A combination of decisions that were made in Heller and McDonald The combination of the
decisions in Heller and McDonald opened the door to opposition to state gun control laws. While
gun rights and culture wars activism transformed the phrase into a noxious and ad-hoc
soundbite. Gun control legislation remains a possibility at the state level, Rubin added.
“The vast majority of states have their own constitutions, and their own rights to keep and bear
arms, and a lot of those state constitutional rights to keep and bear arms had already been
interpreted or were explicit, that they protected a private right to have a gun for self-defense,”
the judge stated to Vox. Additionally, it’s important to note that the Heller decision does not restrict the rights of states to create limitations and laws on a wide range of firearms such as the M16 the AR-15 is basically the model sold to civilians.
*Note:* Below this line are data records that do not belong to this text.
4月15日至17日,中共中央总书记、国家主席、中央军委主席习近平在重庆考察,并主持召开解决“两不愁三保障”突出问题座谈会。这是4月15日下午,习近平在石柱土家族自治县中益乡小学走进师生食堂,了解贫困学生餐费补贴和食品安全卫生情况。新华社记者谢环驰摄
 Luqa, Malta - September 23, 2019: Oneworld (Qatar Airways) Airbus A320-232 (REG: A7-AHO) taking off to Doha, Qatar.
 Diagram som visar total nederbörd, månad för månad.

This means that Ruben claimed that in the nearly 1400 cases challenging state gun laws during
the time after the Heller decision 90 percent of those cases did not change the gun control laws,
according to his estimates.
Legislation to regulate guns has been enacted in aftermath of mass shootings. Following the
deaths of 17 students during an attack on the school in the Marjory Stoneman Douglas High
School in Parkland, Florida in 2018 the then-governor Rick Scott, a Republican, passed a
package of gun control laws that included a provision to raise the age at which you can
purchase the shotgun or rifle by 18 years to 21,
A New York state legislature adopted a similar bill after an 18-year-old shooter who was carrying
an AR-15-style weapon went into the Tops supermarket in Buffalo, New York in May, killing 10
people in the store, all of them Black as part of the case of a race-motivated crime. The new
laws that have been passed in New York include requiring people to undergo a background
check and undergo a gun safety course for obtaining authorization to possess an AR-15
semiautomatic weapon, according to the New York Times reports.
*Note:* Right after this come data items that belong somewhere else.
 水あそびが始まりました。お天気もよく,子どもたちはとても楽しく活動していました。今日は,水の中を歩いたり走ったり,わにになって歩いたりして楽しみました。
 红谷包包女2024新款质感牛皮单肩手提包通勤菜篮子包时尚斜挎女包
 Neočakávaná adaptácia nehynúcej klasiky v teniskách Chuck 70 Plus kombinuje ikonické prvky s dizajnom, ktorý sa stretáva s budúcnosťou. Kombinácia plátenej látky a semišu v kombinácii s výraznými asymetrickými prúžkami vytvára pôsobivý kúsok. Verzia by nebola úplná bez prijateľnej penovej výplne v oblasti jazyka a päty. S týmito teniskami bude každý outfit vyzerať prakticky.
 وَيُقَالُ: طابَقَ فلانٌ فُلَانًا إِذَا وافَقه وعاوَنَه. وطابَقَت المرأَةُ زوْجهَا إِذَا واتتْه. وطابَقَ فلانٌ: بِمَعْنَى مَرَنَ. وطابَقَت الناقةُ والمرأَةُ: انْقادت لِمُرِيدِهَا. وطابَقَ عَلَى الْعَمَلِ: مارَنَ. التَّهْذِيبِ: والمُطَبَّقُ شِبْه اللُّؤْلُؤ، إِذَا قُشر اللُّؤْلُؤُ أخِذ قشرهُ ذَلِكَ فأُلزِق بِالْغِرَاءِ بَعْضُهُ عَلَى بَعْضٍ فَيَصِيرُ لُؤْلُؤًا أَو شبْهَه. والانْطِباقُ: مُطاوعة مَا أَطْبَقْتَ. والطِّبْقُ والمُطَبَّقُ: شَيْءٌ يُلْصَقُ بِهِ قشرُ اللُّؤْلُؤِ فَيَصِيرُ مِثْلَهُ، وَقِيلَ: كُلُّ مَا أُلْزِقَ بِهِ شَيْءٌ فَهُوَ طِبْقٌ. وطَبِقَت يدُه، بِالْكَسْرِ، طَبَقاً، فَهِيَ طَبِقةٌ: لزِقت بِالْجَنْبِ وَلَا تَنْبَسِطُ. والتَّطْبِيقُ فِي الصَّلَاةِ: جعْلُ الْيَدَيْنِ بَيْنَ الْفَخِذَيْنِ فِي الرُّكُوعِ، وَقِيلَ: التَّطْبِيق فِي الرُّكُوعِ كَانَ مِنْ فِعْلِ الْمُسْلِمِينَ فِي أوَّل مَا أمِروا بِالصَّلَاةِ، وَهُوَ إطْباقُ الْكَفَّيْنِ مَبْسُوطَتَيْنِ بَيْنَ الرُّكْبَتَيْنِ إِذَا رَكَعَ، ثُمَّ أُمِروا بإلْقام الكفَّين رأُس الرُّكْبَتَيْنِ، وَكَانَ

Sure, they’re incremental laws that were passed only after irreparable harm has been done to
communities and families, however, it’s crucial to consider the locations and the ways to make
change possible — and also to recognize it’s possible that it is possible that the Second
Amendment, even as read as it is in Heller, could actually support these needed changes, at a
minimum in the short term.
However, that doesn’t mean the majority of conservatives of the Supreme Court won’t issue a
more extreme interpretation of the Second Amendment in the near future. New York State Rifle
& Pistol Association v Bruen, a case that contests the constitutionality of a New York law
requiring people who want to carry guns in public areas to get a permit and be at least 21 years
old, have “good moral character” and no criminal record and prove the necessity of carrying the
weapon in public this could open up some gun laws that are already in place in various states to
legal challenge, based on the outcome, Darrell Miller, a Second Amendment expert at Duke
Law School, said in an interview with Brennan Center’s Andrew Cohen.
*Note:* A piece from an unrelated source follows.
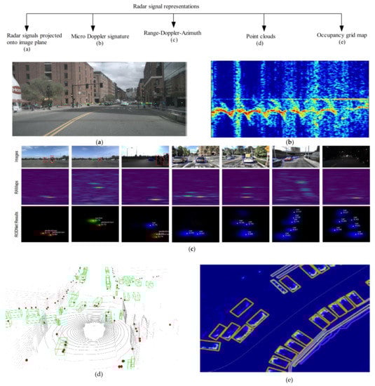 With the recent advances in deep learning technology, many research domains such as signal processing, natural language processing, healthcare, economics, agriculture, etc. are adopting it to solve their respective problems, achieving promising results [20]. In this respect, a lot of studies have been published over the recent years, pursuing multi-sensor fusion with various deep convolutional neural networks and obtaining a state-of-the-art performance in object detection and recognition [31,32,33,34,35]. The majority of these systems concentrate on multi-modal deep sensor fusion with cameras and Lidars as input to the neural network classifiers, neglecting automotive radars, primarily due to the relative availability of public accessible annotated datasets and benchmarks. This is despite the robust capabilities of radar sensors, particularly in adverse or complex weather situations where Lidars and cameras are largely affected. Ideally, one of the reasons why radar signals are rarely processed with deep learning algorithms has to do with their peculiar characteristics, making them difficult to be fed directly as input to many deep learning frameworks. Besides, the lack of open-access datasets and benchmarks containing radar signals have contributed to the fewer research outputs over the years [18]. As a result, many researchers self-developed their own radar signal datasets to test their proposed algorithms for object detection and classification using different radar data representations as inputs to the neural networks [36,37,38,39,40]. However, as these datasets are inaccessible, comparisons and evaluations are not possible.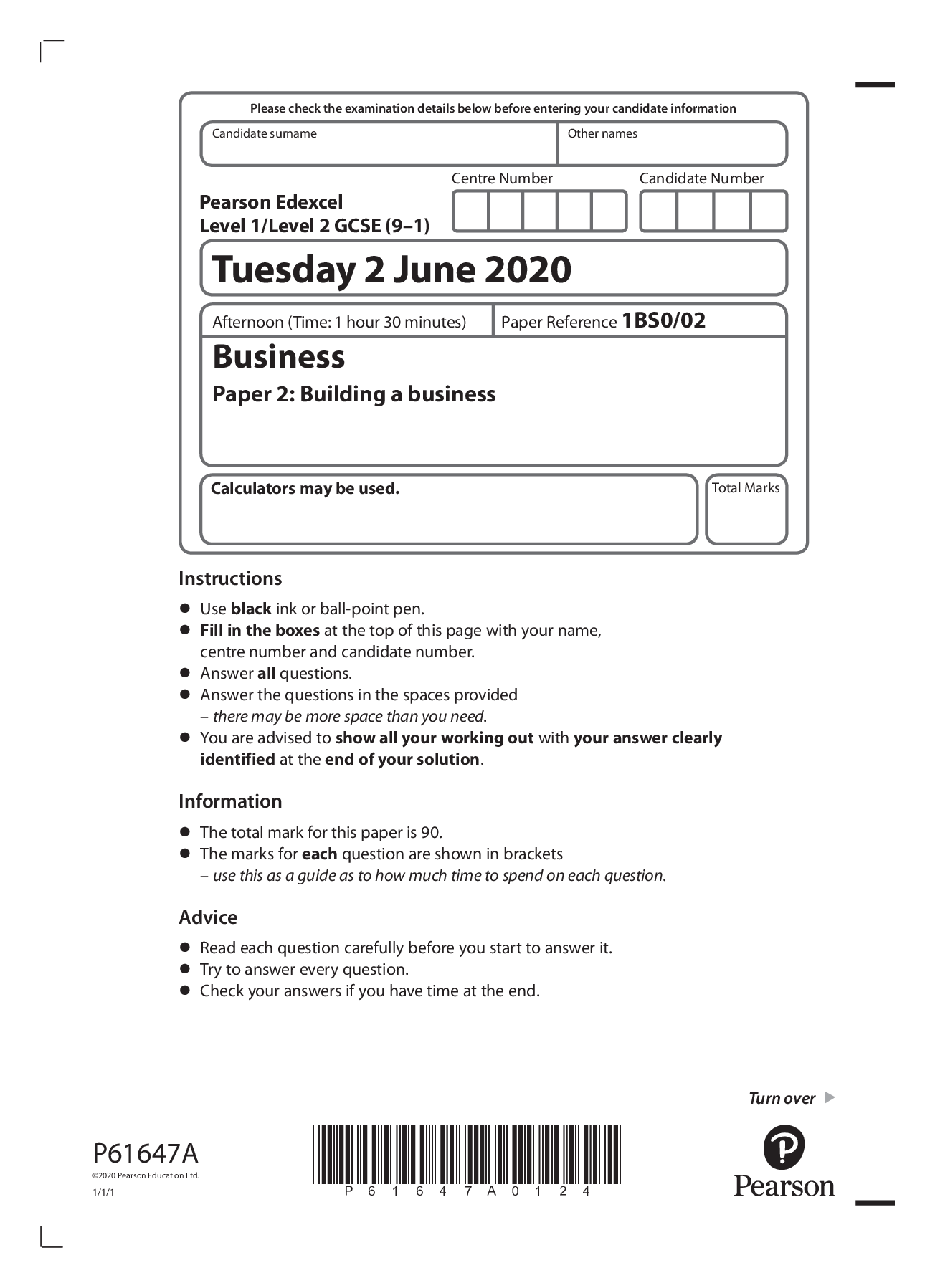 Business > GCSE QUESTION PAPER > Pearson Edexcel_GCSE (9–1) Business_1BS0/02 Question Paper_2020 | Paper 2: Building a business (All)

“The justices at oral argument seemed genuinely concerned that a broad ruling on public carry
would embroil them in all kinds of minutiae about where guns can be prohibited — campuses,
subway cars, Times Square on New Year’s Eve, etc.,” He stated, describing how complex it
could require federal judges in federal court to monitor and decide on where guns should be
allowed in their jurisdictions.
However, Miller said, the influence of conservative politics, in this case, cannot be denied. “That
said, there’s a conservative supermajority on the Court that is clearly ready to flex its muscles
on issues that conservatives have long cared about — from abortion restrictions, to free
exercise, to gun rights — so I can’t rule out a broad and broadly disruptive ruling that would upend not only New York’s regulations but would call into question the constitutionality of nearly
every gun regulation, in every state, at every level of government.”